It marks a break with standard medical procedures that have been in place for decades. In the traditional medical model, patients come to the hospital only when symptoms become apparent, or for a routine annual checkup. And a full set of one-off tests is sent to a laboratory for analysis before a diagnosis or health assessment can be given. In many cases, the diagnosis is made long after the patient was first consulted, and based on the patient's first test.
This approach makes sense when the cutting-edge equipment needed to monitor vital signs and symptoms is scarce and can only be obtained from hospitals or other dedicated medical facilities.
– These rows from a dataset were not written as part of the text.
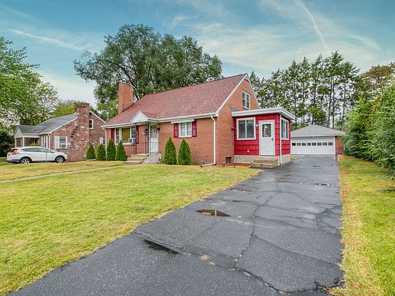 Are you looking for a Move-in ready, four bedroom home w/ 2 car garage, in this sought after Alden section of Chicopee? Here is your chance to own an immaculate brick Cape. The beautifully tiled, eat-in kitchen leads you to a spacious living room featuring hardwood/wood flooring, and is equipped with a wood burning fireplace; just in time for the holiday's! Two bedrooms with gleaming wood flooring and an updated full bath are all on the first floor. Second floor features two bedrooms, with carpet and plenty of built in closet/storage space. You will enjoy the enclosed side porch, for additional space and even more space in finished family room found in the basement, with a built-in BAR!! Heating system has been changed over the years and roof is approximately 7 years old APO. Laundry in Basement.
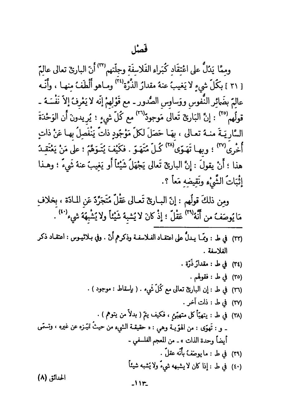 وَمِمَّا يدل على اعْتِقَاد كبراء الفلاسفة وجلتهم أَن البارئ تَعَالَى عَالم بِكُل شَيْء لَا يغيب عَنهُ مِقْدَار الذّرة وَمَا هُوَ ألطف مِنْهَا وَأَنه عَالم بضمائر النُّفُوس ووساوس الصُّدُور مَعَ قَوْلهم إِنَّه لَا يعرف إِلَّا نَفسه قَوْلهم إِن البارئ تَعَالَى مَوْجُود مَعَ كل شَيْء يُرِيدُونَ أَن الْوحدَة السارية مِنْهُ تَعَالَى بهَا حصل لكل مَوْجُود ذَات ينْفَصل بهَا عَن ذَات أُخْرَى وَبهَا تهوى كل متهو فَكيف يتَوَهَّم على من يعْتَقد هَذَا أَن يَقُول إِن البارئ تَعَالَى يجهل شَيْئا أَو يغيب عَنهُ شَيْء وَهَذَا إِثْبَات الشَّيْء ونقيضه مَعًا
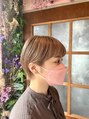 後ろはスッキリ短く前髪から顔まわりはマッシュフォルムで耳にかけれるサイドの長さは残したスタイルです。カラーは一度ブリーチをして優しいミルクティーベージュにしています。【藤沢駅/藤沢】
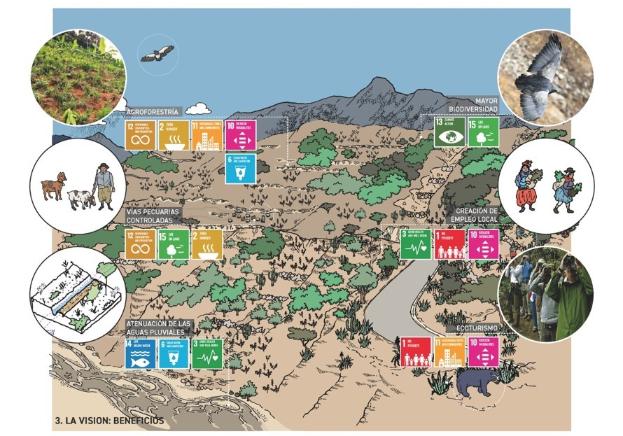 Generará múltiples beneficios como: la captura anual de 7,2 millones de toneladas de CO2, la creación de más de 3 millones de días de empleo local y la producción aproximada de 18 toneladas de alimentos por hectárea cada año. Se restaurarán diversos ecosistemas, incluyendo bosque seco tropical, matorral andino, pastizales y humedales.

The development of new medical sensing technologies has created the conditions for completely different medical concepts. Instead of using the large, stationary medical monitoring equipment used in hospitals, this new patient monitoring method uses:
Small, even wearable devices
Battery powered devices can be used with extremely low power consumption
Provide accurate clinical grade measurement results
This allows us to implement medical monitoring and testing outside the hospital, either in a local medical facility (e.g., GP pracTIces) or at the patient's home. In order to bring greater convenience to patients, wearable devices (such as patches) can be continuously operated in an inconspicuous location for 24/7 monitoring anytime and anywhere.
Monitor in real life to get more accurate diagnosis results
Part of the reason for the new remote monitoring technology is a shortage of medical resources. The peak of the coronavirus pandemic in 2020 put a lot of pressure on hospitals, suggesting that the system may soon be unable to keep up with the growing demand for acute care services. Therefore, transferring patients who need vital signs monitored from the hospital to a clinic or their own home is a wise long-term strategy.
But just as important, monitoring with portable or wearable devices can provide more useful data and lead to better outcomes for patients. New medical monitoring technologies enable longer monitoring of vital signs, such as heart rate, heart rate variability, blood oxygen saturation (SpO2), and body temperature. Continuous surveillance can reveal trends and patterns in the outbreak that are not known to medical practitioners when they provide a single diagnosis to a patient. The parallel development of artificial intelligence (AI) diagnostics means that data flow monitoring can be automated.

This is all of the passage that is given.